If public spend (by Centre/states/PSUs) is not scaled up, GDP might shrink not just this fiscal but even in the second and third quarters of FY22 once the favourable base effect wanes. He believes private investments would recover at a much slower pace than consumption, as there is still huge idle capacity.

The fiscal impact of the measures announced so far by India make for just about 2% of GDP (about Rs 4 lakh crore) if all things go as planned, lower than the average of about 2.5% of GDP for similar-rated peers. Also, expenditure control measures being enforced are leading to considerable savings (an estimated Rs 4 lakh crore in April-December alone). It has been a massive expenditure rejig, rather than a big fiscal expansion.

The stock market boom, meanwhile, is triggered by the abundance of liquidity injection globally when the asset base for investments in the real economy has barely expanded. If a clutch of IPOs are announced, the Indian stock market may self-correct, Sen said. He, however, cautioned against unscrupulous elements that tend to proliferate during this period to take advantage of the boom.

Sen called for a more holistic reading of the perceived resurgence of rural India, which partly made up for the crisis in urban areas.

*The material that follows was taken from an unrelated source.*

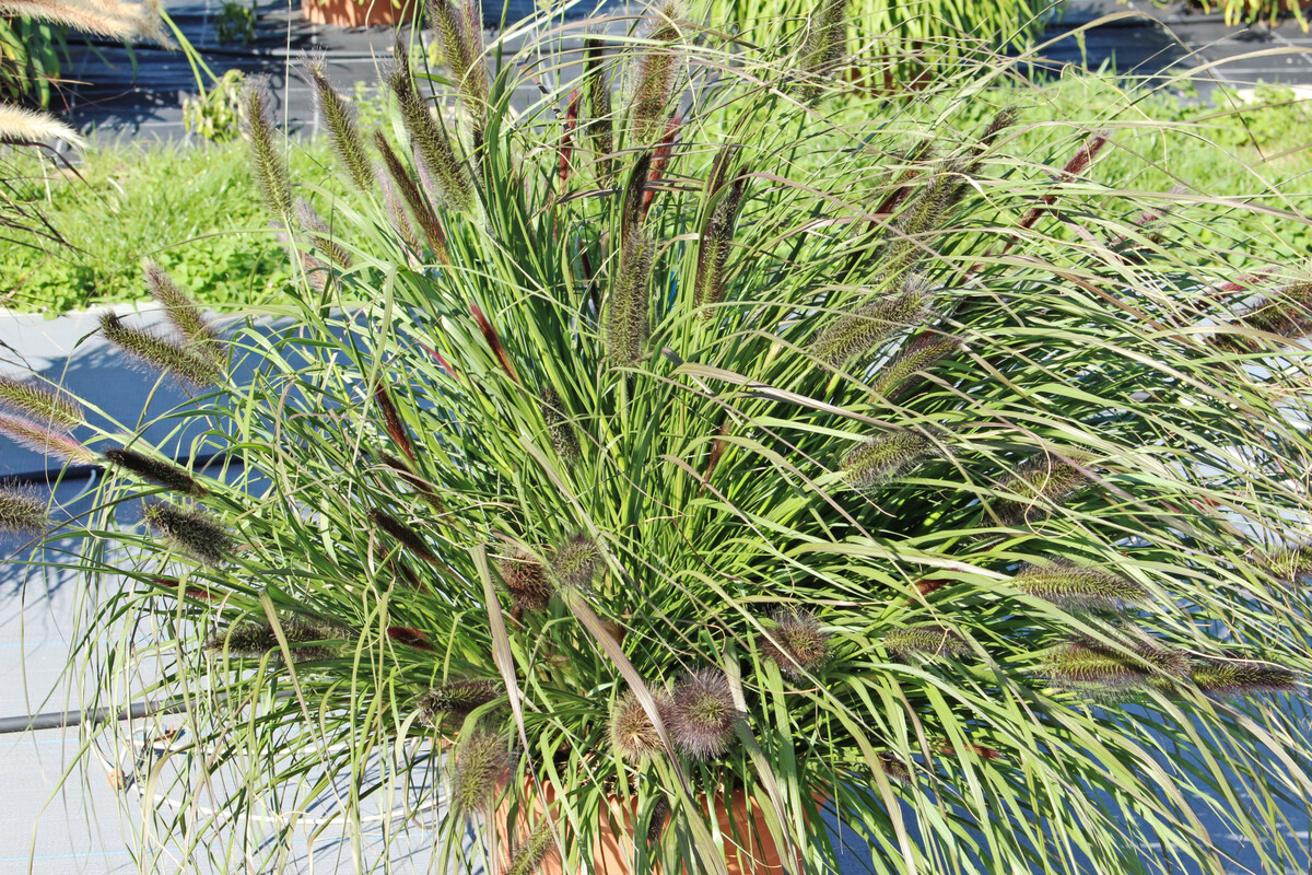 - Pennisetum alopecuroides ‘Ginger Love’ (Kientzler): Ein mittelkompaktes Gras, das mit den im Spätsommer erscheinenden, gut 10 cm langen Blütenbüscheln insgesamt bis zu 80 cm hoch wird. Durch die späte Lieferung in KW 16 erfolgte die Pflanzung (ohne Anzucht) direkt im Freilandkübel oder -beet. Besonders hervorzuheben ist, dass dieses Gras kräftige, stabile Triebe hervorbrachte, welche sich auch bei Niederschlägen (auch nach Blühbeginn) kaum flachlegten.

Rural areas of only 6-7 states that rely less on remittances and have seen bumper rabi harvest are probably recording good FMCG or consumer durables sales; sales in the rest, mainly those that have seen a return of migrants, may still be faltering.

The surge in retail inflation while wholesale price inflation remains well within the comfort zone has brought to the fore the role traders play in the supply chain, Sen said. CPI inflation hit a 77-month peak of 7.61% in October and has remained above the Monetary Policy Committee’s tolerance band of 4 (+/-2)% for 10 of the past 11 months. However, wholesale price inflation has remained below 2% in recent months.

Sen feels while the MSME sector has proved its resilience in the past, it may take at least 1-2 years to return to normalcy this time around.